The riveting account of Nvidia, the tech company that has exploded in value for its artificial intelligence computing hardware, and Jensen Huang, Nvidia's charismatic, uncompromising CEO In June of 2024, spurred by the frenzy of investment following the launch of ChatGPT, and thirty-one years after its founding in a Denny's restaurant, Nvidia became the most-valuable corporation on Earth. In
The Thinking Machine, acclaimed journalist Stephen Witt recounts the unlikely story of how a manufacturer of video game components shocked Silicon Valley by conquering the market for AI hardware, and in the process re-invented the computer.
Essential to Nvidia's meteoric success is its visionary CEO Jensen Huang, who more than a decade ago, on the basis of a few promising scientific results, bet his entire company on AI. Through unprecedented access to Huang, his friends, his investors, and his employees, Witt documents for the first time the company's epic rise and its iconoclastic CEO, who emerges as a compelling, single-minded, and ferocious leader, and now one of Silicon Valley's most influential figures.

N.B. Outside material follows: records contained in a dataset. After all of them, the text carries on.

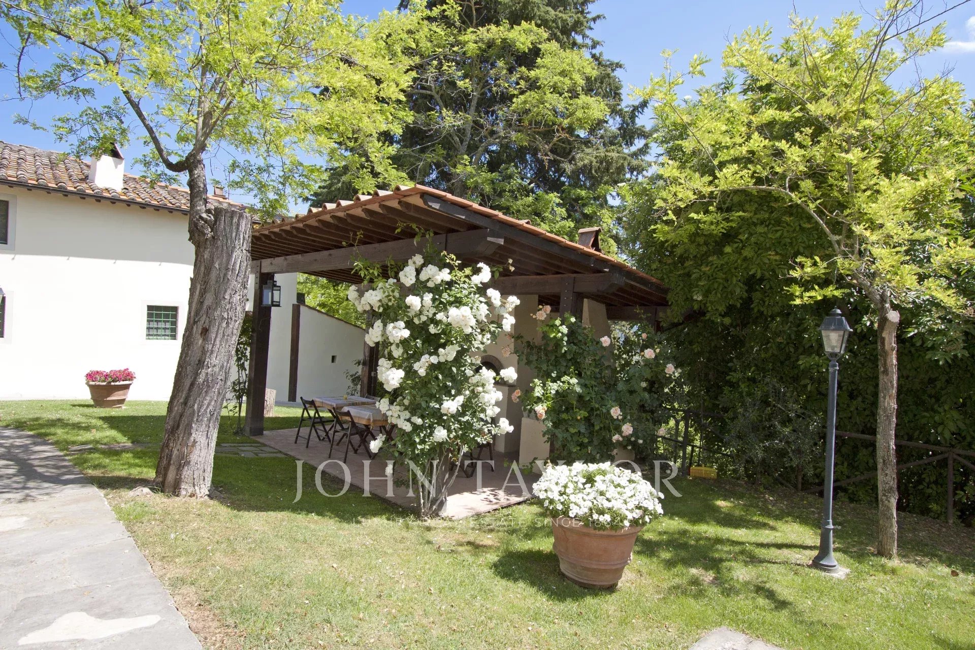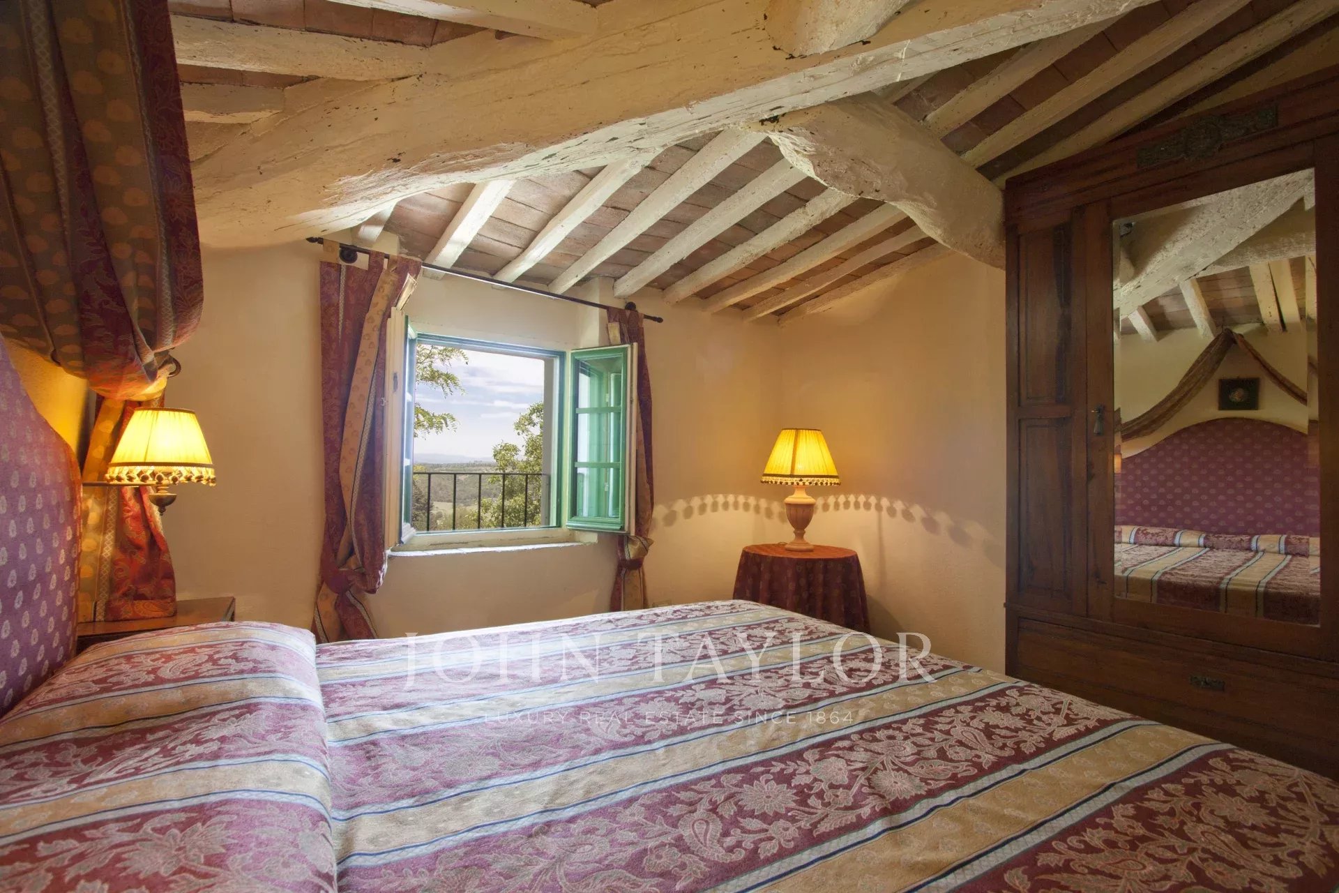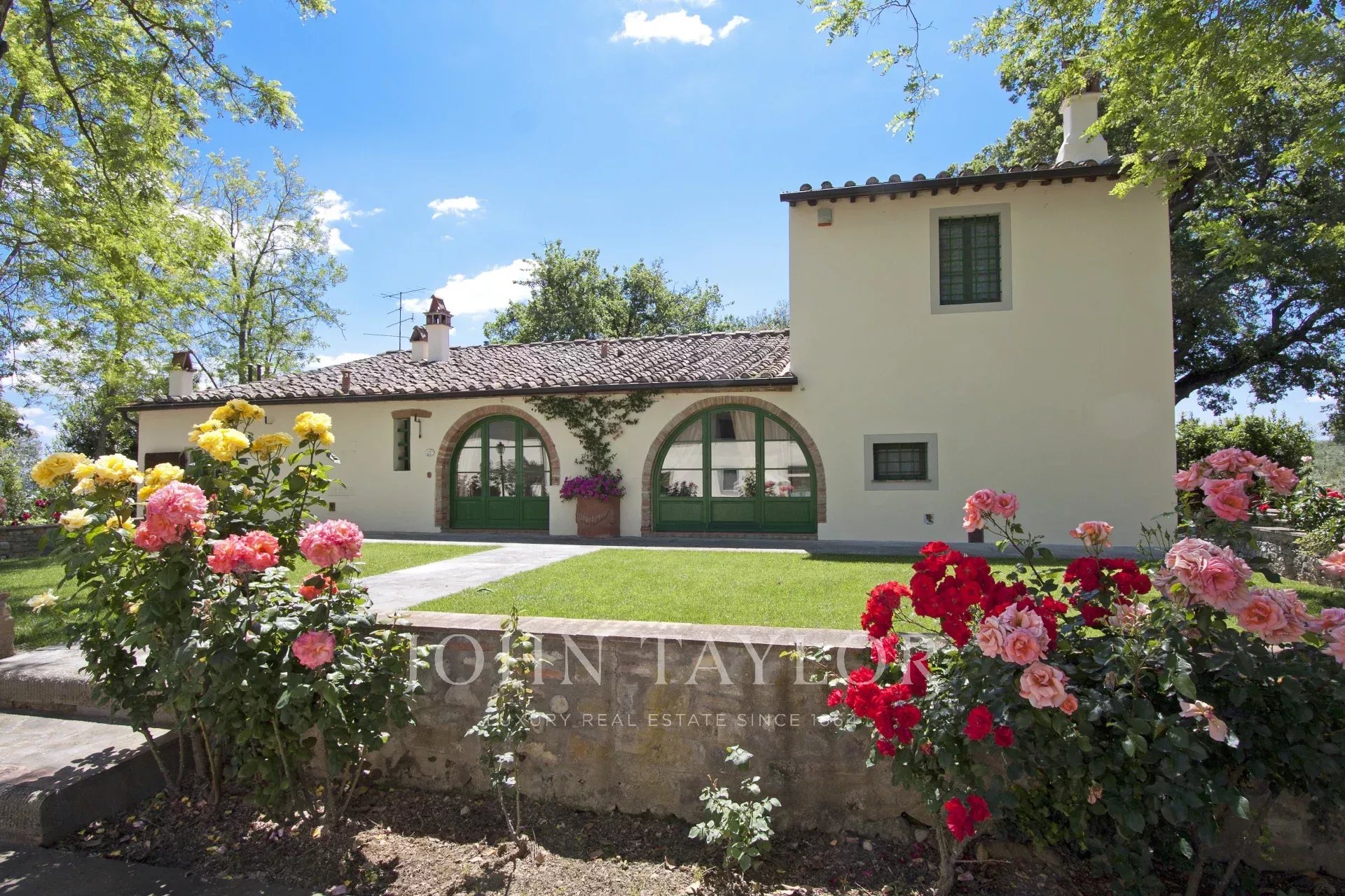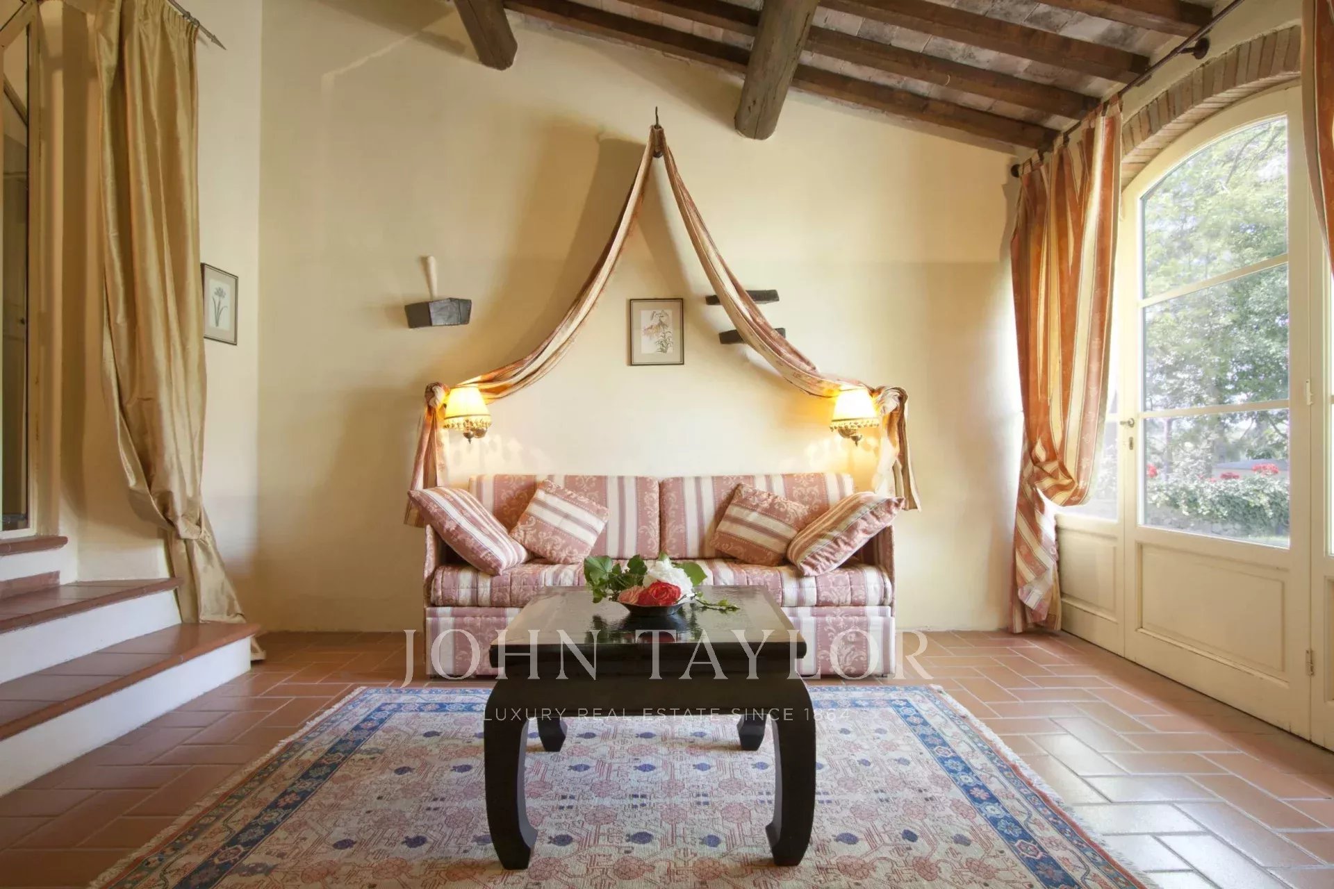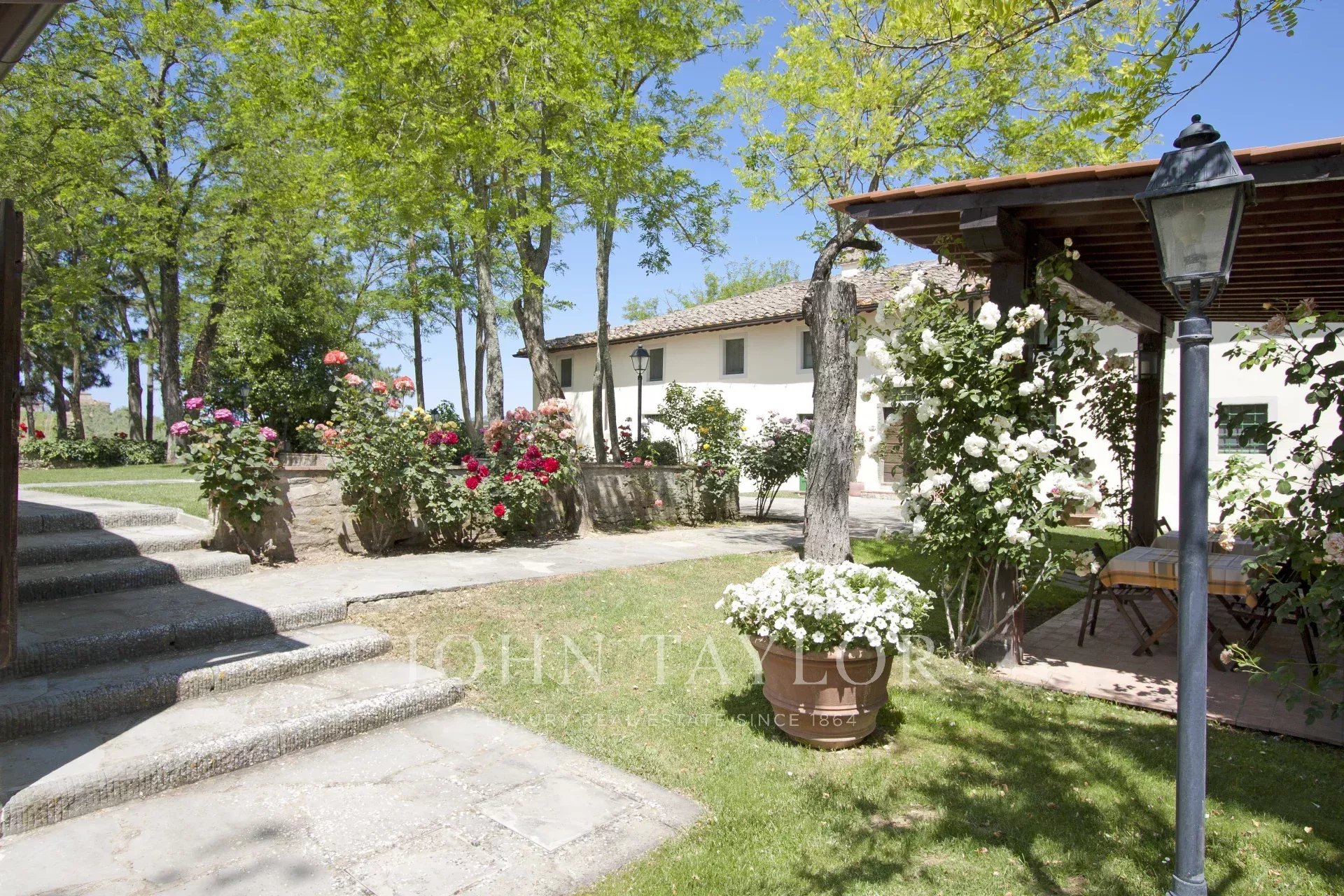 Located halfway between Florence and San Gimignano, on the road to Siena, the property is reached via approximately 1.5 km of a well-maintained gravel road. The estate extends over 13 hectares of fields and woodland, including a beautifully maintained garden of about 1,000 sqm with a swimming pool and a one-hectare vineyard.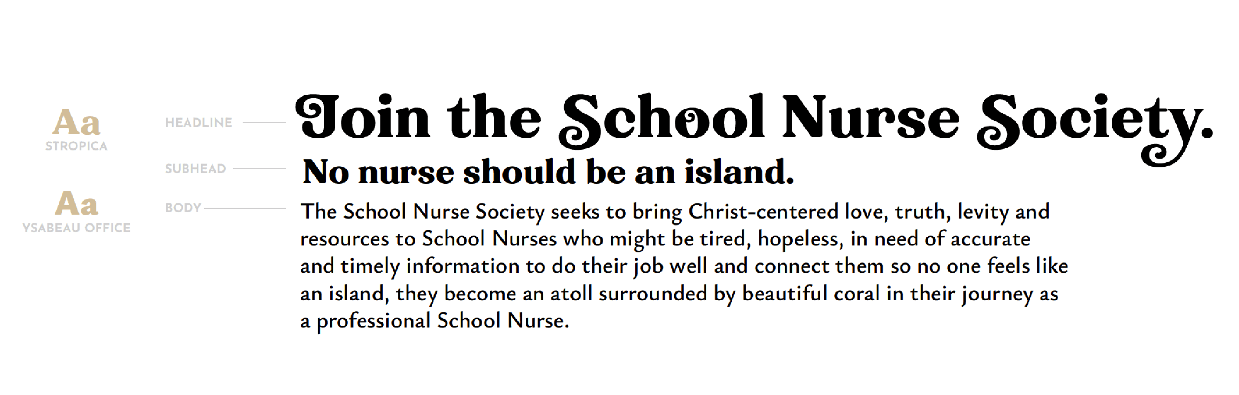 This color palette was selected for its warm, luxurious feel. Terra and Odyssey are combined to create a gradient that’s used extensively for the School Nurse Society’s visual assets, while Ebony and Linen are used for optimal complementarity and contrast.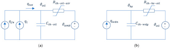 Circuits for analyzing the thermal behavior of the transformers: (a) Top-oil temperature model; (b) Hot-spot temperature model.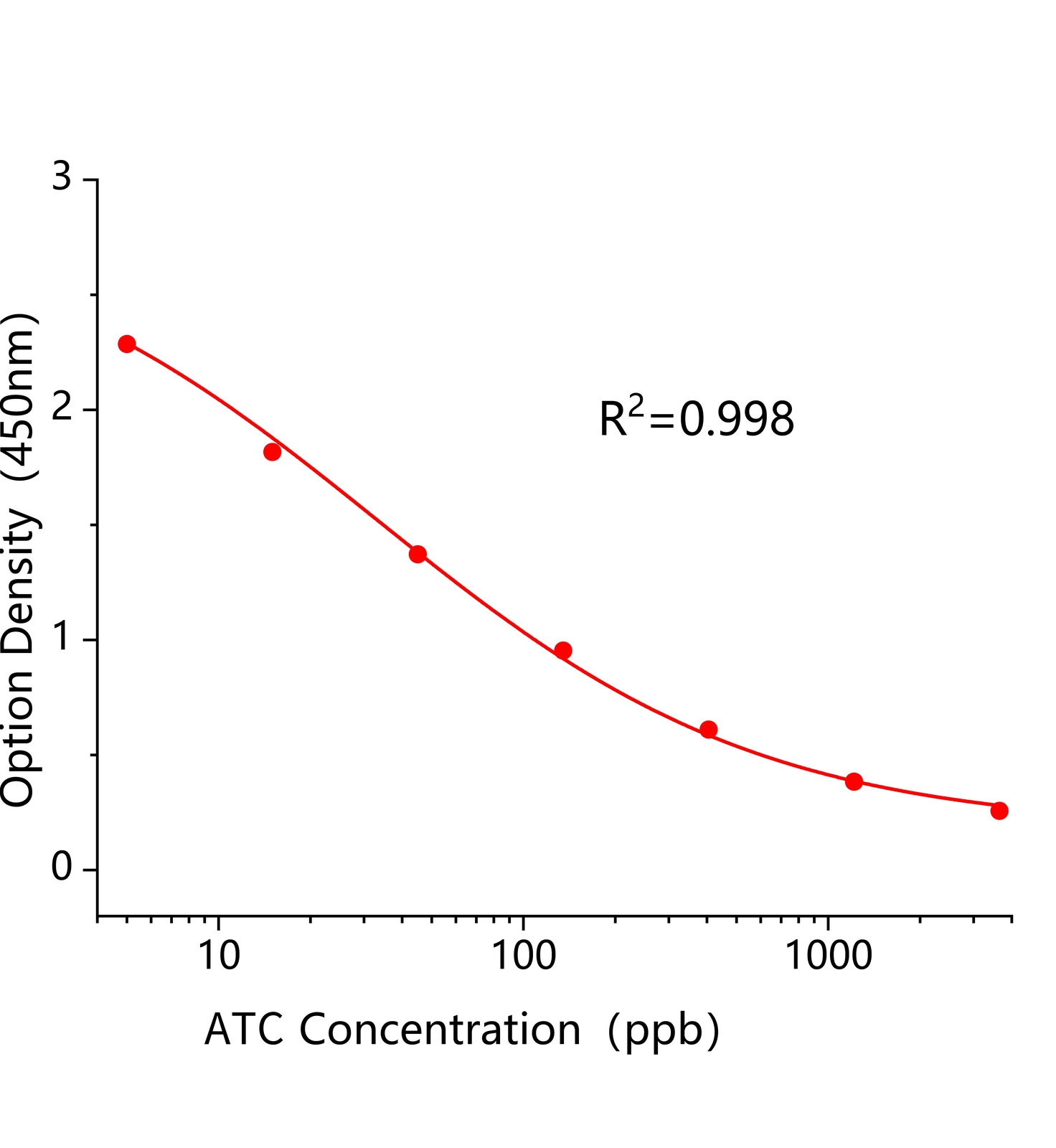 本试剂盒采用间接竞争ELISA方法,在酶标板微孔条上预包被偶联抗原,样本中乙草胺和微孔条上预包被的偶联抗原竞争乙草胺抗体,加入酶标二抗后,形成包被抗原-抗体-酶标二抗复合物。随后结合的酶催化TMB底物显色,样本吸光值与其含有的乙草胺成负相关。通过标准曲线可准确定量样品中乙草胺的含量。通过标准曲线计算所得值乘以样品处理的稀释倍数即为实际样品中乙草胺的含量。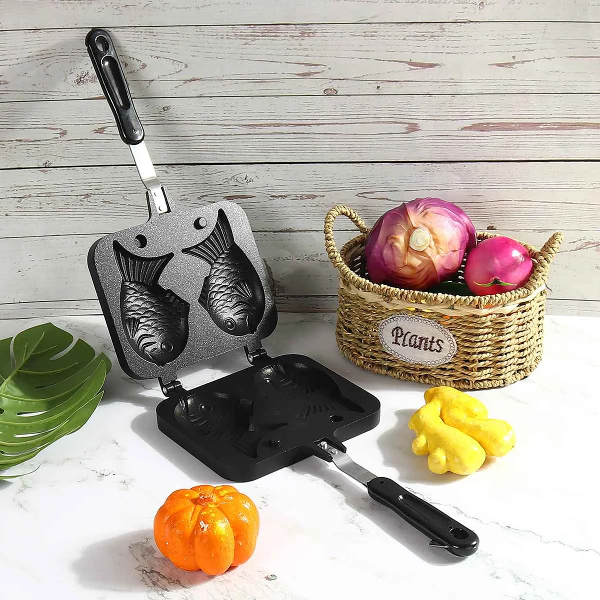 Taiyaki Japanese Fish-Shaped Bakeware Waffle Pan Maker 2 Cast Home Cake Tools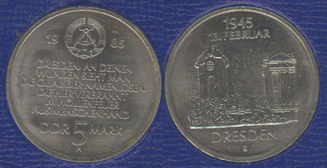 5 Mark; 5. Februar 1985; Schön 105; Dresden, Frauenkirche; Vs.: 19 Emplem der DDR 85 / DRESDEN, AN DEINEN / WUNDEN SIEHT MAN / DIE QUAL DER NAMENLOSEN / DIE HIER VERBRANNT / IM HÖLLENFEUER / AUS MENSCHENHAND / DDR 5 MARK / A; Rs.: 1945 / 13. FEBRUAR / Frauenkirche / DRESDEN / R; Glatter Rand mit: 5 MARK * 5 MARK * 5 MARK * 5 MARK *; Neusilber; Dm=29,0mm; Gewicht=9,6 g; Auflagenhöhe: 195.000 Stück; Gestaltung: Heinz Rodewald, Berlin |

The Thinking Machine is the story of how Nvidia evolved from providing components for circuit boards to supplying hundred-million dollar supercomputers. It is the story of a determined entrepreneur who defied Wall Street to push his radical vision for computing, in the process becoming one of the wealthiest men alive. It is the story of a revolution in computer architecture, and the small group of renegade engineers who made it happen. And it's the story of our awesome and terrifying AI future, which Huang has billed as the "next industrial revolution," as a new kind of microchip unlocks hyper-realistic avatars, autonomous robots, self-driving cars, and new movies, art, and books, generated on command.